Although, as Simpson maintains, an outsider’s perspective can be valuable for a photographer, the privileged view delivers special rewards. “With Doug Harris and other movement photographers, we see the slow work of movement building and relationship building,” said Leigh Raiford, professor of African American Studies at the University of California, Berkeley, who is a series editor along with Lewis and Willis. “Often we see photographs of demonstrations and confrontations between protesters and the police. Here you see the unsexy work of social movements.”

“Doug Harris is in the Harlem community,” Willis said. “There is a photograph he made of Malcolm X and Fannie Lou Hamer sitting at the Theresa Hotel.
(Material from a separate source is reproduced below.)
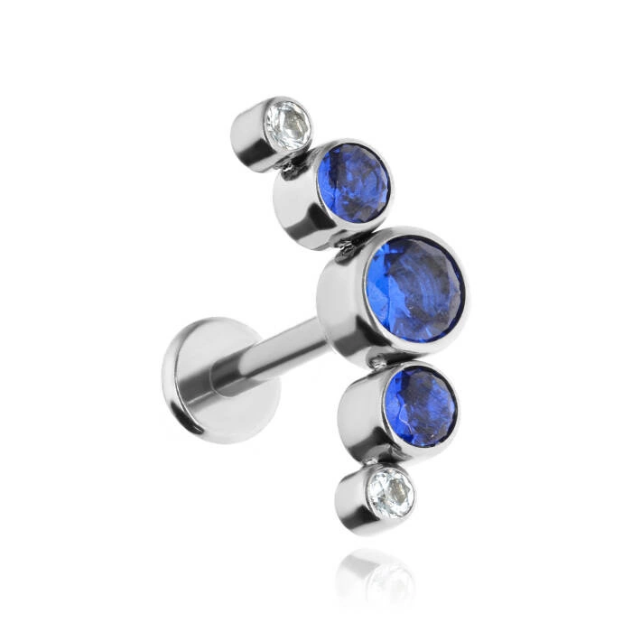 Piercing ring clicker decorative with white zircons - CoCr NF - silver - K-075

I didn’t know that they were there together.”

The Vision & Justice book series is just one prong of Lewis’s project, which also features what she calls “convenings,” supported by the Ford Foundation, where experts from various disciplines discuss how to achieve full citizenship for all Americans with an emphasis on the power of imagery.

For Lewis, photography is, to use Parks’s phrase, “a choice of weapons” in a long campaign. “What is special about Sarah is her vision for the future of the field,” said Henry Louis Gates Jr., director of the Hutchins Center for African and African American Research at Harvard, who credits Lewis with “an academic entrepreneurial vision.”

“Her field is the study of African American art,” he said. “Sarah has the instinct to say, how can we ensure that this field becomes firmly embedded within art history long after the initial energy has waned?”